Read Past Your Bedtime: Two New Must-Read Mysteries to Keep You Up All Night!

Two of my favorite authors, Jennifer McMahon and Kristen Lepionka, have published new books. McMahon's is another creepy thriller set in Vermont, her favorite place to be, and Lepionka's is the third in her Roxane Weary mystery series. I raved about them in previous posts back in 2018 (read them HERE, opens a new window and HERE, opens a new window). And they continue to write page-turners that keep me wanting more.

Check out their latest!

From McMahon, a chilling ghost story with a twist...

The Invited, opens a new window

People move into haunted houses, sure, but who builds one? That's the central question of McMahon's ninth suspense novel, in which the ghosts visiting a couple are guests, not intruders. Helen and Nate move from suburban Connecticut to a small town in Vermont to simplify their lives, and build the house of their dreams. They soon discover that the land they've moved to has a dark and violent past. Helen, a historian, becomes consumed with the legend of Hattie Breckenridge, a woman accused of witchcraft who lived there a century earlier. Helen begins incorporating historical artifacts into the house -- a beam from a local schoolhouse, bricks from a mill, a mantle from a farmhouse -- objects she has been led to discover and that seem to carry a message, bringing her closer to Hattie and her secrets. As work on the house progresses, it becomes clear that the house and Hattie herself want something from Helen, and that she and Nate are in danger.

McMahon keeps us busy with multiple viewpoints and mysteries. While roughly half the book is told from Helen's third-person point of view, the other half belongs to Olive, the couple's scrappy 14-year-old neighbor. Desolate in her beloved mom's absence, Olive is obsessed with finding a treasure she believes Hattie hid in the nearby bog. The mystery of where her mom has gone segues in and out of the ghost story. A mutual fascination with the Breckenridge family's dark history draws her and Helen together.

One of the things that I love about McMahon's books is the atmosphere and setting. Her love and knowledge of Vermont show in her books. I am impressed with her ability to write such terrifying novels, while balancing the terror with tragic, well-constructed characters and a secondary plot. The plotting is deft and sure-footed, never slowing, never inconsistent, and relentlessly absorbing. McMahon is a champ!

I now own five of her books; still on a quest to get them all!

And from Lepionka, a late-night phone call can never be good...

The Stories You Tell, opens a new window

After a remarkable debut (The Last Place You Look, opens a new window) and an accomplished second novel (What You Want to See, opens a new window), Lepionka's third installment of the adventures of P.I. Roxane Weary is brilliant. Roxane finds herself plunged into a troublesome case when she receives a late-night emergency call from her brother Andrew, a bartender and occasional drug dealer.
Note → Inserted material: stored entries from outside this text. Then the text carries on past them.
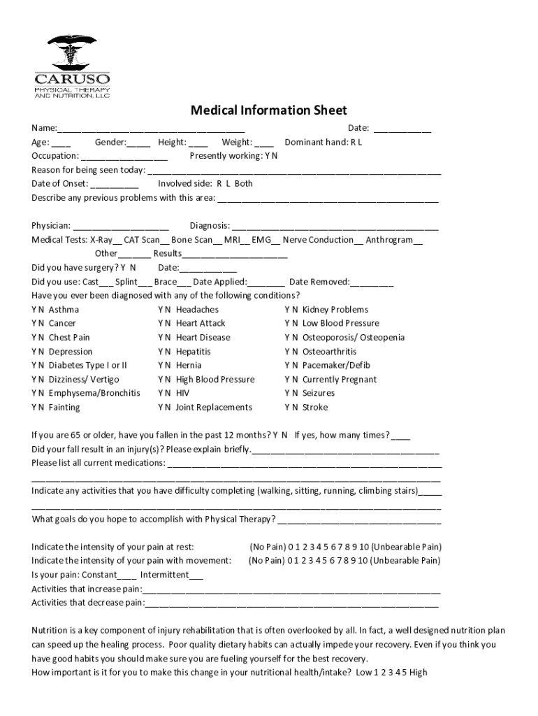 Medical Information Sheet Name:___ Date: ___ Age: ___ Gender:___ Height: ___ Weight: ___ Dominant hand: R L Occupation: ___ Presently working: Y N Reason for being seen today: ___ Date of Onset: ___
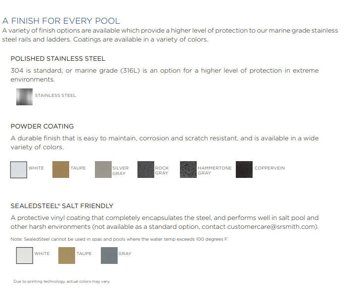 The Artisan Series Ladder is a patented, designer inspired ladder that provides an elegant custom look for any pool environment. This is the ideal choice for pool renovation projects, as the Artisan Series Hand Rail easily replaces a standard 24″ 3-step ladder. The rails are made with Stainless Steel with 1.90″ OD and a wall thickness of .065. The Steel is usually 304 grade but there is also a 316L Marine grade option available. For color options you have a Polished Stainless Steel look, a Powder Coated look in White, Taupe, and Rock Gray. For your anchors S.R. Smith recommends to use the Universal Plastic Deck Anchor 2 Pack.
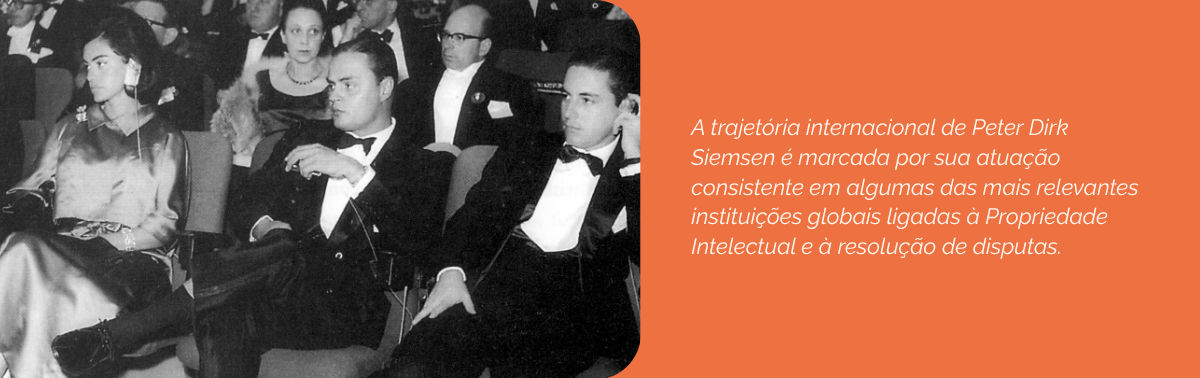 Peter Dirk Siemsen foi presidente internacional e Membro de Honra da AIPPI (Association Internationale pour la Protection de la Propriété Intellectuelle), fundador e presidente de honra da ASIPI (Asociación Interamericana de la Propiedad Intelectual), além de ter ocupado posições de destaque em outras instituições internacionais, desempenhando papel essencial na integração do Brasil ao cenário global da Propriedade Intelectual.

He had been home alone when Addison, a jilted old girlfriend, showed up at his apartment in a panic. After making a brief call, she ran from his place and promptly disappeared. The root of the mystery seems to center on a new dating app called BusPass (for Columbus, Ohio, of course) and a couple of middle-class suburban women who are friends with Addison. How these pieces fit together and what it all has to do with the mysterious closure of a local nightclub, and a dead ex-policeman, remains to be seen. Roxane's support network starts to crumble with Andrew behind bars for a parole violation, and her fickle on-again-off-again girlfriend, in Rhode Island. And then there's Tom...

Lepionka constructs a labyrinthine plot with a set of interesting ramifications. As in her previous novels, she does so by timing the story faultlessly, adding razor-sharp dialogue, and above all clever characterization. She has an unerring eye for the nuances of personality and circumstance that make her story's characters genuinely interesting people, rather than mere props in a plot. The narrative resonates with insights into contemporary life; dealing frankly with themes ranging from sexuality to dysfunctional families, from the unsavory side of social media to racial bias and the daily adversities faced by many who just manage to cope with the economics of modern life. 

While it would be understandable if Roxane continued to exist in a state of arrested development as the bitter, angry, bourbon-swilling private eye, Lepionka has taken Weary on a journey of growth and development, novel after novel, with skill and patience. Over the course of three thrilling novels, she has created one of the richest protagonists in crime fiction.

This is an entertaining and thoroughly gripping crime novel and I look forward to the next chapter in the story of Roxane Weary, which should be sometime later this year. I hope to be first in line for a copy!

I recently acquired a bookmark which states: I Read Past My Bedtime. For me, this is soooo true, especially when books by these two authors are involved. They are un-put-down-able must-reads!